Once again, with the help of experts from Clear Seas Research — the survey and research arm of RC’s parent company, BNP Media — roofing contractors nationwide told us about the year they had and expectations for the future with our annual roofing survey.
The series of questions designed and circulated last fall helped parce the challenges encountered during this year into perspective while pinpointing trends that may help lead the way to success in 2024. Respondents consisted of roofing contractors that subscribe to RC and are registered on roofingcontractor.com.

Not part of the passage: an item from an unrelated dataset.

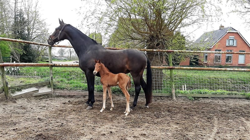 Isarah van Drakensteyn, alias Saar, is van april 2022 en is nu goed zadelmak. Een zeer lief mensgericht paard dat ook heel sociaal is met andere paarden en probleemloos in een (gemengde) kudde loopt. Ze heeft een heel fijn karakter. Ze heeft een slanke bouw en meet 1,65/1.66 m maar is nog erg jeugdig waardoor ze zeker nog wel wat doorgroeit… Amazone op de film is 1,78 m. Saar is zeer correct gebouwd met rechte benen en goede voeten. Zij is in juli 2025 röntgenologisch goedgekeurd zonder bemerkingen incl. hals en rug. Saar heeft heel goede rontgenfoto's! Ook is zij, voordat ze beleerd werd, bij de tandarts zijn geweest. Haar vader is de prachtige hengst Vainqueur (Vivaldi x Rubioso) die in Duitsland succesvol GP loopt onder Dorothee Schneider. Haar moeder is een ster prestatie merrie van de GP hengst Sorento (Sandro Hit x Donnerhall) die nu 19 jaar is. Saar was haar eerste veulen (4e generatie eigen fok) en vorig jaar heeft ze een merrieveulen van de hengst Red Viper gekregen. Deze merrie heeft ook nog altijd prachtige droge benen en heel gezond.... Daarachter zit de GP hengst Rubiquil (Rubinstein x Roemer), het paard waar Laurens van Lieren zijn carrière mee is begonnen. Saar zou bijzonder geschikt zijn voor een amazone die de overstap van de pony's naar de paarden wil maken, maar ze is niet geschikt voor een onervaren of onzekere ruiter. Ze is vlug en sensibel maar op een goede manier, nooit bokken of steigeren. Ze staat keurig stil bij opstappen. Ze zou echter ook geschikt zijn voor de fokkerij. Ze wordt verkocht onder voorbehoud van gunning en valt in de iets hogere prijsklasse. Wil je eens kennismaken met deze mooie oranje dame? Dat kan, stuur mij een appje (ivm werk niet bellen). Saar staat momenteel in het midden van het land, komt begin mei weer terug naar huis (net boven Amsterdam) Graag alleen appen ivm werk 06-11343740

The commercial roofing contractors who responded represent companies that generate more than 50% of overall annual revenue from commercial projects — whether that be in roof replacement, repair or new construction. The majority were men, at 69%, and nearly 35% were between ages 40-49, the largest age group of respondents this year.
The South led the geographic breakdown at 38%, followed by the Midwest at 31%, the West at 18%, and the Northeast at 13%. Roughly four-in-10 respondents identified themselves as corporate/executive management, and another 20% identified themselves as general managers.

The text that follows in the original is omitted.